Disabile con capacità o disabile con capacità residue?

Una riflessione di Alberto Alberani, Responsabile di Legacoopsociali Emilia Romagna.

Dalla metà degli anni ‘70 si è avviato un dibattito attorno alla parola handicappato, portatore di handicap, disabile, che ha fra l’altro portato alla definizione di diversamente abile o diversabile durante l’anno europeo dedicato alle persone disabili.

 

Non è mia intenzione riproporre la riflessione su questo dibattito, ma vorrei esprimere alcune considerazioni in merito all’utilizzo del termine capacità residue.

 

30 anni fa, quando iniziai a lavorare nei centri per disabili gravi, non mi piaceva trovarmi di fronte a progetti che chiedevano a noi educatori quali attività avevamo intenzione di mettere in atto per "perseguire l’obiettivo di potenziare le capacità residue" delle persone disabili con cui ci relazionavamo quotidianamente.

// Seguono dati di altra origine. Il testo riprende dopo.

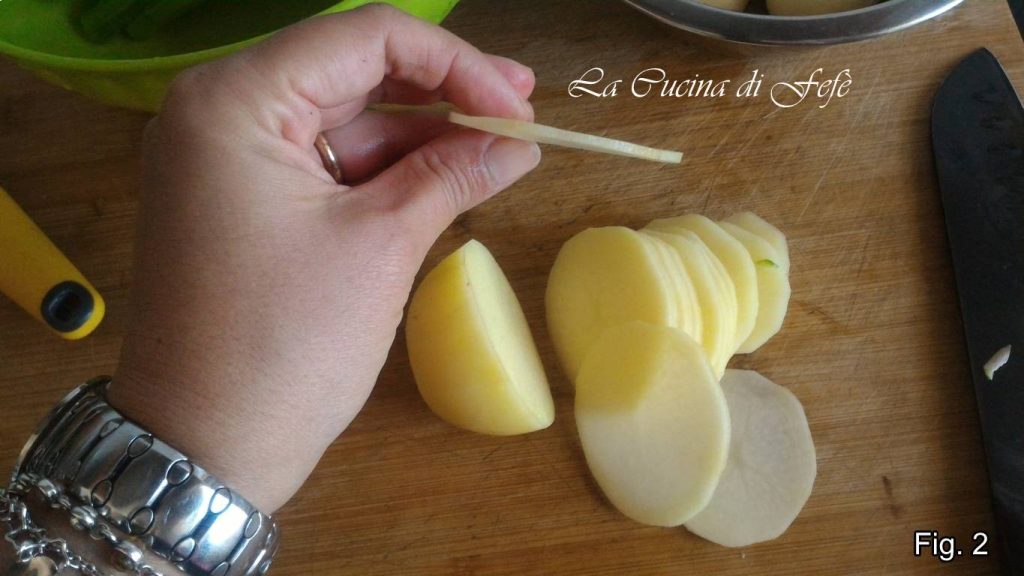 Lavad y pelad las patatas y cortadlas en rodajas finas de 1-2 mm como máximo.
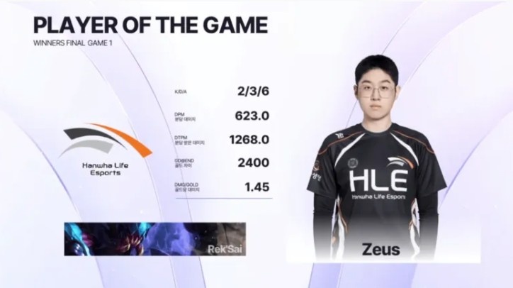 Zeus雷克塞砍下2/3/6的战绩,拿下HLE对阵DK首局MVP
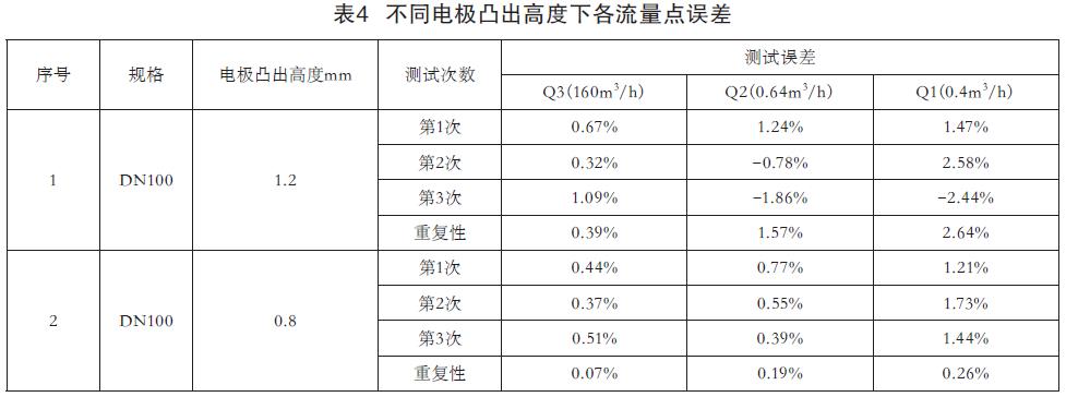 如表4所示,选2只相同规格表:相同电极材质、类型以及转换器。唯一不同为电极安装高度,1号表电极凸出内衬表面1.2mm,2号表电极凸出内衬表面0.8mm,相同测试条件下Q3、Q2、Q1各测试3次。从实测数据看,1号表在Q3大流量下各误差有轻微波动,但整体变化不大。但在Q2、Q1小流量下,各误差出现剧烈波动,重复性不合格;2号表各误差和重复比较很稳定。实际论证了电极凸出高度过高将会对小流量性能产生比较大影响。
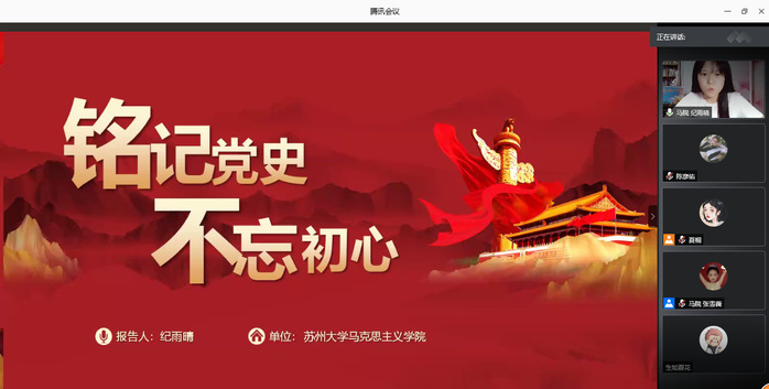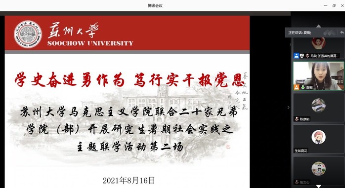 8月16日,苏州大学马克思主义学院联合苏州大学二十家兄弟学院(部)在线举办研究生暑期社会实践之主题联学活动第二场。苏州大学王健法学院研究生辅导员付晨熙、艺术学院研究生辅导员仇松莹、放射医学与防护学院研究生辅导员朱一丹、光电科学与工程学院研究生辅导员黄彦龙、马克思主义学院研究生辅导员金鑫出席会议,王健法学院学术型研究生第三党支部及法律硕士(法学)第二党支部、放射医学与防护学院研究生第一党支部及第二党支部、光电科学与工程学院研究生第一党支部及第二党支部、艺术学院研究生会、马克思主义学院研究生党支部及研究生会参加了本次活动。本次活动由马克思主义学院主办,苏州大学二十家二级学院(部)协办,马克思主义学院“习近平总书记关于党的历史的重要论述”研究生宣讲团、分团委、研究生党支部、研究生会、思想政治教育研究会承办。会议由马克思主义学院硕士研究生夏桐主持。
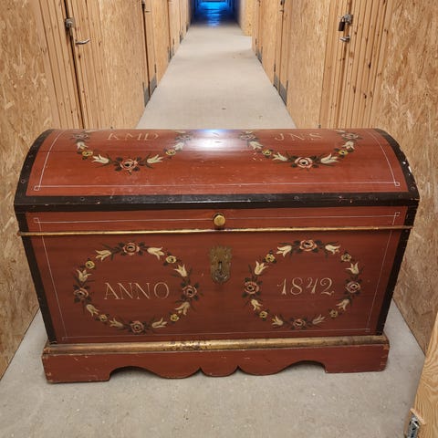Rejsekiste fra slutningen af 1800-tallet til begyndelsen af 1900-tallet. Fremstillet af træ, dækket med lærred. Låse og beslag i messing; der findes ingen nøgler til låsen. Håndtag og kanter i læder. Indvendigt er der spænder til at holde tøjet på plads og et rum, der åbner sig som et foldepanel i træ og stof. På begge sider sidder små messingplader, der angiver producenten: G. Winternitsz Valigeria Universale Genova. Genstanden viser tegn på tidens gang, men den er dog fuldstændig velbevaret uden skader eller manglende dele. Den
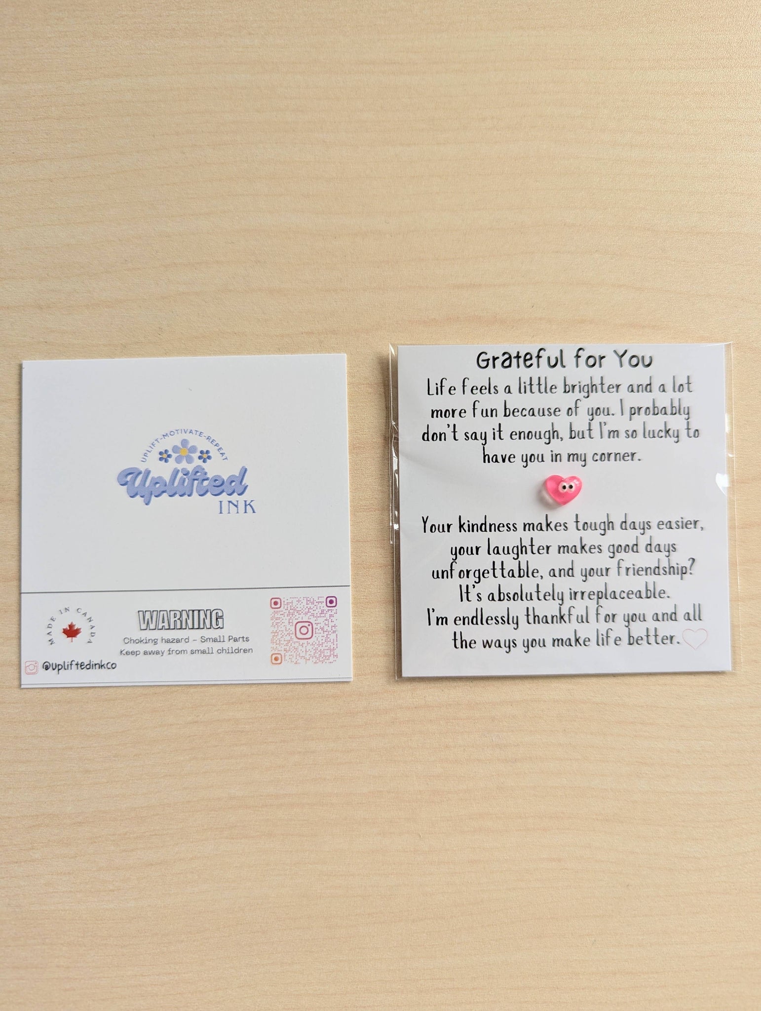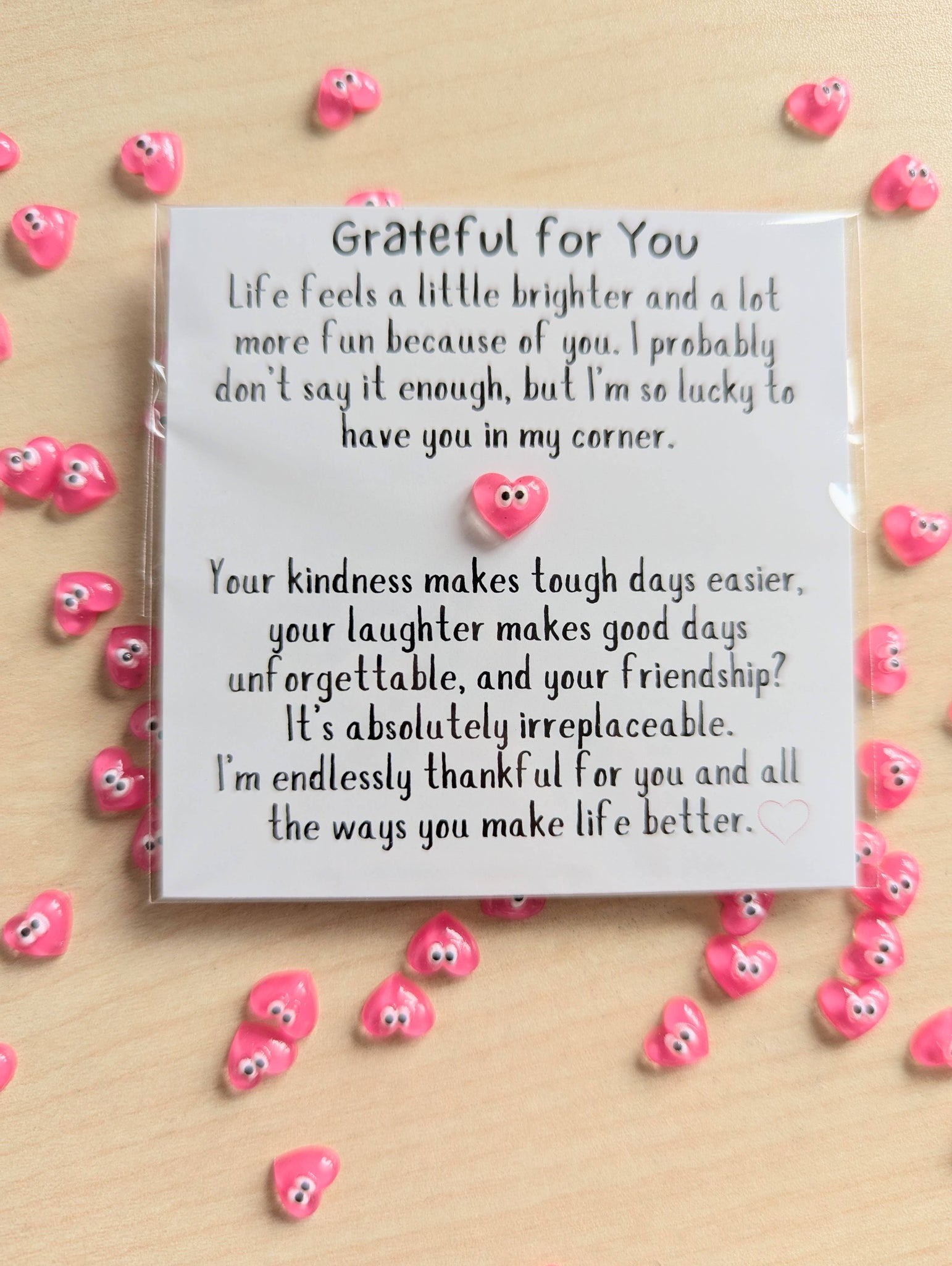 💛 Grateful for you. Life is a little brighter and a lot more fun because of you. 💛 Sometimes, words aren't enough to express just how much someone means to you—but this tiny gratitude card comes pretty close. Whether it's for a best friend, sibling, mentor, or anyone who’s been in your corner, this mini card is a heartfelt reminder that their presence truly makes life better. This card reads: "I probably don't say it enough, but I'm so lucky to have you in my corner. Your kindness makes tough days easier, your laughter makes good days unforgettable, and your friendship? It's absolutely irreplaceable. I'm endlessly thankful for you and all the ways you make life better." ✨ Product Details: • Size: 2.5" x 2.5" square – compact and full of meaning • Message: A thoughtful appreciation note for someone special • Printed on premium cardstock for a beautiful, sturdy finish • Blank back so you can add your own note if you'd like
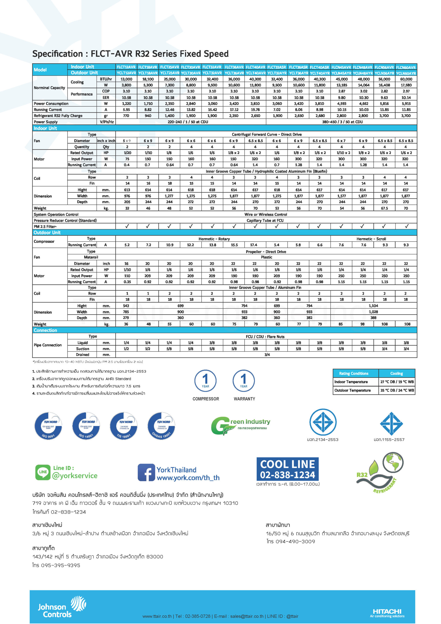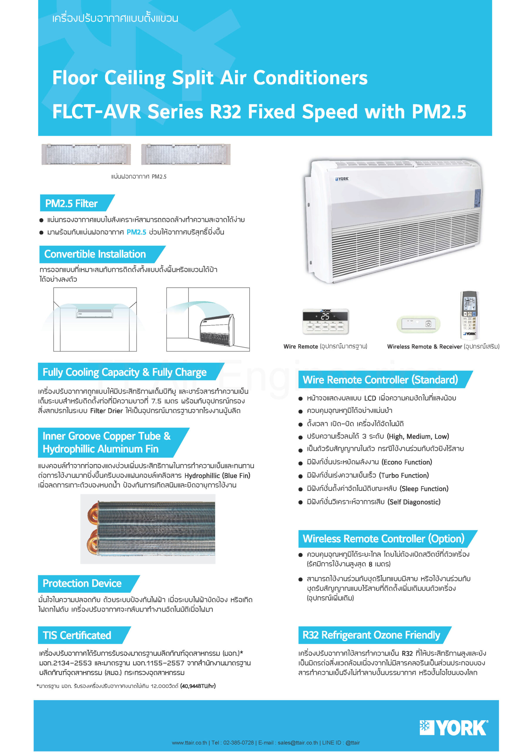 รายชื่อรุ่นแอร์แขวนใต้ฝ้า YORK FLCT-AVR Series
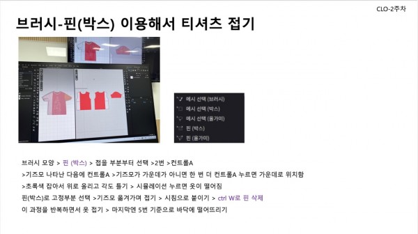 브러시-핀(박스)를 사용하여 접는 방법과 3d 의상 접기 툴을 이용해서 접는 법을 배웠는데, 두 번째 방법이 훨씬 간편하여 더 많이 사용하지만 핀(박스)를 이용하는 법부터 천천히 알려주셔서 옷이 접어지는 과정과 이론을 확실하게 배울 수 있었습니다. 중간에 알려주신 시침관련 팁도 유익했습니다.
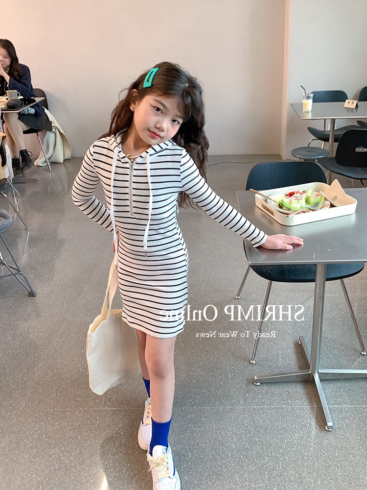 가을 2024 새로운 한국 소녀 크림 스트라이프 후드 슬림 핏 원피스 아기 가을 긴 소매 티셔츠 원피스
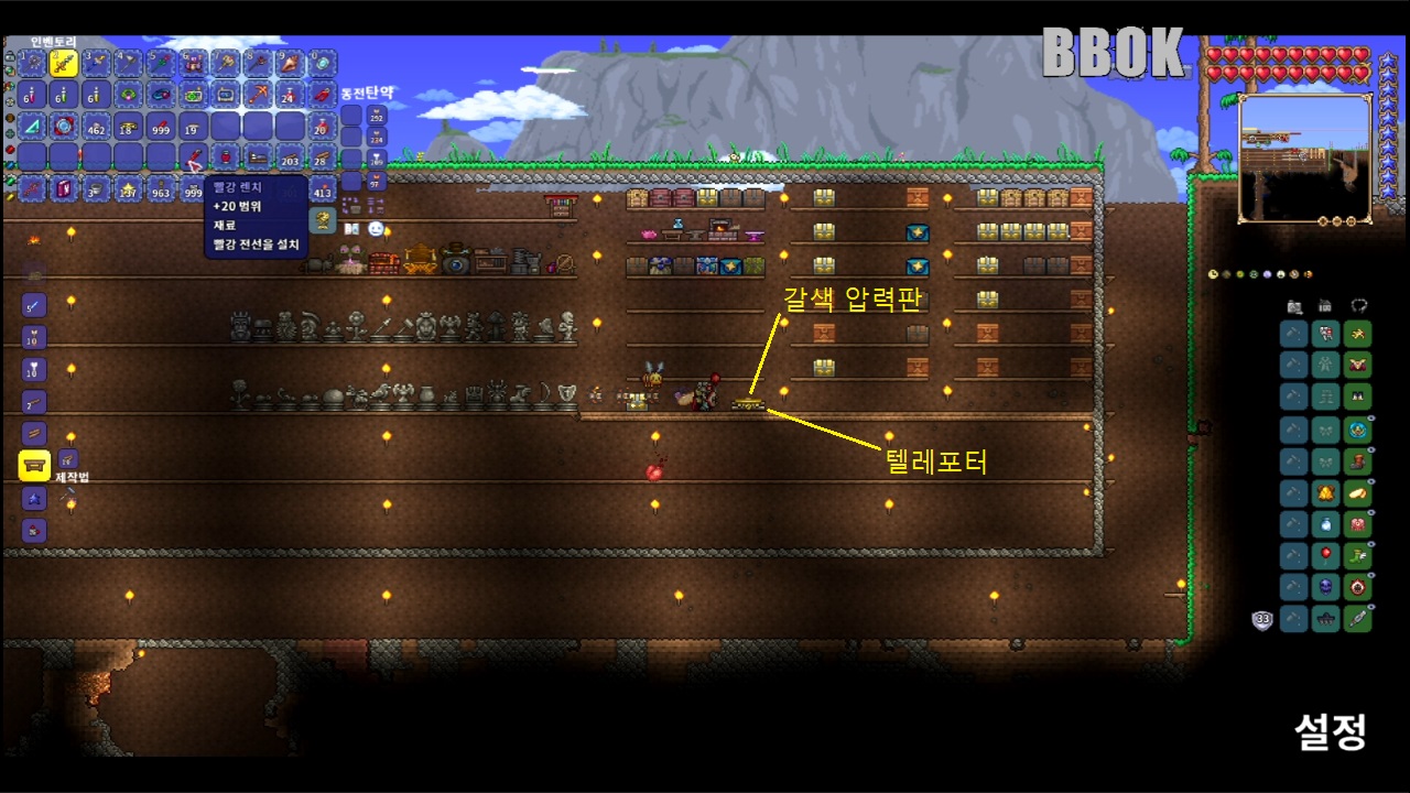 왼쪽 끝에 "텔레포터", "갈색 압력판"을 설치하고 선을 연결합니다.
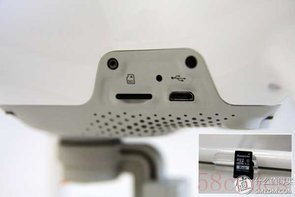 存储卡从摄像头移动到了机身处,旁边还有数据接口,在升级固件的时候就是用OTG线连接这个接口。P4随机附送了一张松下16G tf卡。可以存储约半小时的4K超清视频拍摄文件。建议再配一张32G或者更大容量的高速tf卡以备不时之需。
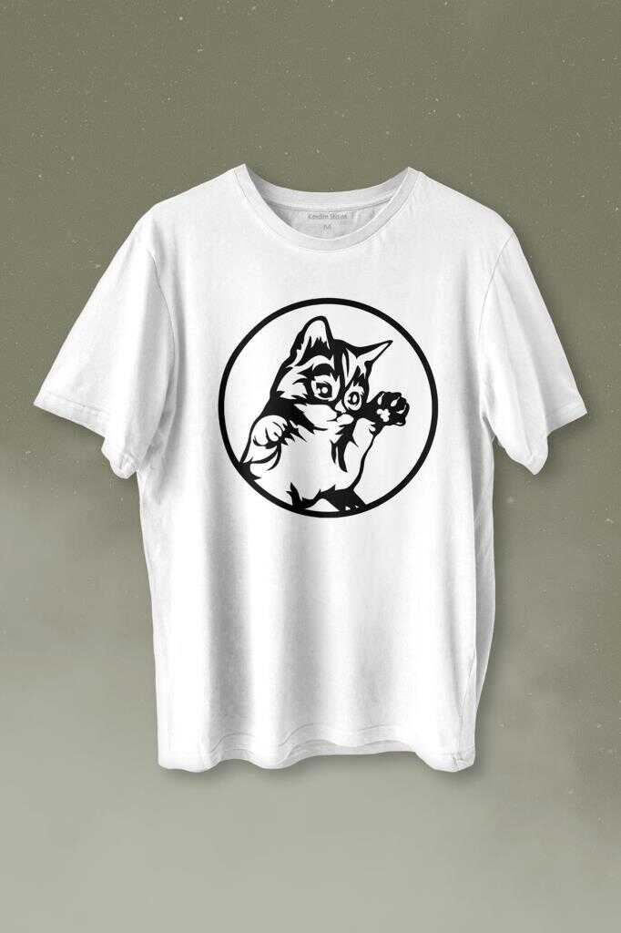 Sevimli Kedi Minik Patili Bıyıklı Cat Minnoş Baskılı Tişört Unisex T-shirt
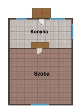 egy szoba és egy konyha áll rendelkezésre, komfort nélküli kivitelben. A fűtésről fatüzelésű kályha gondoskodik, a vízellátás ásott kútról megoldott. Fürdőszoba és WC nem került kialakításra, a szennyvíz elvezetése emésztővel történik.

Le domande che mi ponevo sempre erano: residuo di cosa? dove vado a recuperare questa residualità? a cosa devo rapportare la residualità? a quale “normalità”?.

 

Ancora oggi, anche in importanti documenti (nell’ ICDH 2, nella Legge 68, in documenti regionali) riscontro che questo abbinamento continua ad essere utilizzato e continua a non piacermi. Anche se sono passati molti anni, la domanda che mi pongo e che pongo è la seguente: è possibile abolire dalle nostre relazioni, dal nostro vocabolario l’abbinamento capacità-residue e utilizzare solo la parola capacità?  O è giusto mantenere la parola residuo? 
Residuo: ciò che resta, che avanza di qualcosa. Capacità: attitudine, abilità a fare qualcosa.
Queste sono le definizioni, date ai termini capacità e residuo dal Dizionario Sabatini-Coletti, che forse possono aiutarci ad approfondire questa prima breve riflessione.

 

Dal 1992 con la legge 104 si è cercato di introdurre un diverso approccio culturale nei confronti delle persone disabili, introducendo strumenti e metodiche che consentono di valutare la persona nel suo insieme, soprattutto in termine di capacità positive, inducendoci a rivolgere l’attenzione a ciò che una persona può fare piuttosto che a ciò che non riesce a fare.

 

Che bisogno abbiamo allora di abbinare alla parola capacità la parola residuo? Ritengo che il mantenimento di questo abbinamento sia un ritorno o un mantenimento ad una concezione e ad una cultura che continua a pensare che una persona disabile è tale perché esprime capacità diverse dalla “normalità” probabilmente dimenticandosi che una persona disabile è prima di tutto una persona originale, con proprie originali capacità che non sono residue rispetto ad una vago concetto di normalità.
Per potenziare la valorizzazione delle capacità siamo disposti a rinunciare alla parola e all’identificazione del “residuo” concentrando l’attenzione sulle capacità?

 

Sono domande e riflessioni e mi rendo conto che parlare di capacità-capacità residue richiederebbe uno spazio ed un tempo adeguato; l’auspicio è che si possa sviluppare una riflessione specialmente all’interno dei servizi diurni e residenziali con il condiviso spirito di continuare a promuovere la migliore integrazione e inclusione delle persone disabili.